After the first coat has dried, use a 10” wide broad knife and apply a liberal amount of mud along the length of the seam for the second coat. Again use the knife with long strokes that run parallel to the seam versus perpendicular to it.


When applying the second coat, try to angle the blade ever so slightly such that there is more mud left near the center of the seam/joint and less at the edges. Basically you want to build up the seam/joint area with a little extra mud to fully cover the tape.


Note that this second coat should spread out the seam such that it is approximately 10 inches in width.


Again let this second coat dry.


Third Coat


Before applying the third coat of drywall mud use your 6” knife and knock off any high spots or burrs on the drywall seam.


Now apply a skim coat of drywall mud over the seam, again fanning the seam out slightly wider than the previous application of drywall mud. The purpose of this coat is to feather out the seam and fill in any miniscule cracks or lines in the existing drywall mud seam.


Again let this third coat dry.


Applying Mud to Inside and Outside corners


There are a couple of tools that are specifically designed for taping and mudding corners. You may want to purchase Inside and Outside Corner trowels.


Applying Mud to Nail/ Screw Holes


As with the seams, apply 3 coats of mud to the nail / screw holes. No tape is required for the nail / screw holes.


With each pass, feather out the drywall patch so that after the 3rd coat the screw hole is covered with approximately a 6” wide circle of mud.


Sanding Mud Seams and Joints


The best way to sand the seams and joints is to use a drywall pole sander.

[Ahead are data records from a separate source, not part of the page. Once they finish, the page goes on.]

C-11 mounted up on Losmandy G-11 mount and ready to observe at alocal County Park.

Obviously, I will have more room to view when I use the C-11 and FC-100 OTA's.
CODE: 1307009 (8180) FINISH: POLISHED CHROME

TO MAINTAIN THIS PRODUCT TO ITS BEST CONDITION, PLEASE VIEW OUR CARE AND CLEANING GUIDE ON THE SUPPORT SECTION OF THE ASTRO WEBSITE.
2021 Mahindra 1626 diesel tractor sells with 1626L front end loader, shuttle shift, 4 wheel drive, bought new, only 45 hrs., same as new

A pole sander is about 4 feet long and has a flexible 3.25”x9” head on it that you apply drywall mesh sheets to. You can also use a drywall hand sander as well.

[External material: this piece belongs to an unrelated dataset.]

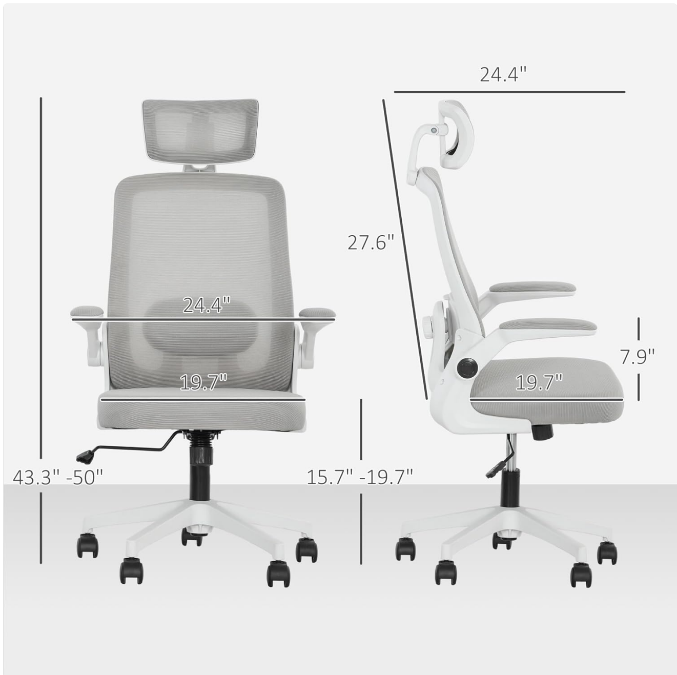
Detailed dimensions of the HOMCOM Office Chair.
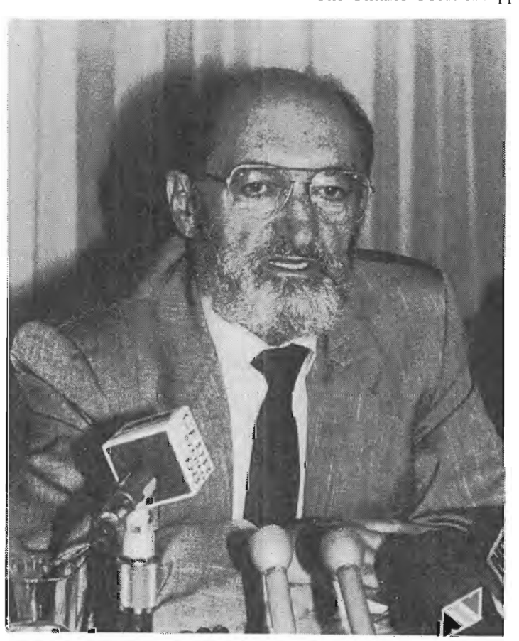
Morgentaler speaks out.

Within the year, Nova Scotia's Medical Services Act was struck down by a provincial court judge, and Morgentaler was acquitted of all charges. The court found that laws concerning abortion fall under the jurisdiction of the federal government, not a provincial government. Frustrated by the judge's decision, the government of Nova Scotia appealed to the province's Supreme Court. In July 1991, the latter upheld the lower court's decision—a further victory for Morgentaler. Still not satisfied, the Nova Scotia government then decided to appeal to the Supreme Court of Canada. The appeal was heard in November, 1991 and remains unresolved. A decision is not expected until the end of

When sanding the seams and joints make long strokes with the pole or hand sander in a direction that is parallel to the seam/joint. Apply less pressure to the middle of the seam and more toward the edges.

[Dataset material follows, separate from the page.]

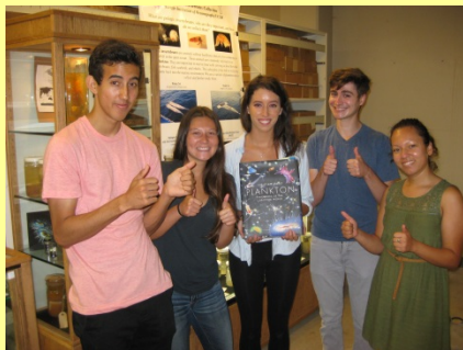
Tour of the Pelagic Invertebrate Collection - Plankton Rules!

It is important that you sand the edges of the seam so that they completely feather out to a smooth finish with the un-mudded drywall. As you near the edges of the seam, you can turn the angle of your pole sander such that it is on a 30-45o angle.


Preparing walls for Primer and Paint


Once you have sanded all of the seams and joints, wipe the walls down with a slightly damp rag to remove the drywall mud dust.


Next apply a coat of primer.


Then apply a couple of coats of paint, and your walls are ready for trim.


How to Repair a Large Drywall Hole Ebook - If you have a large hole in your drywall and need to repair it, you can either call in a drywall contractor and pay an arm and a leg, or you can fix it yourself. The "How to Repair a Large Drywall Hole Ebook" will show you how to repair your damaged wall so that it looks as good as new.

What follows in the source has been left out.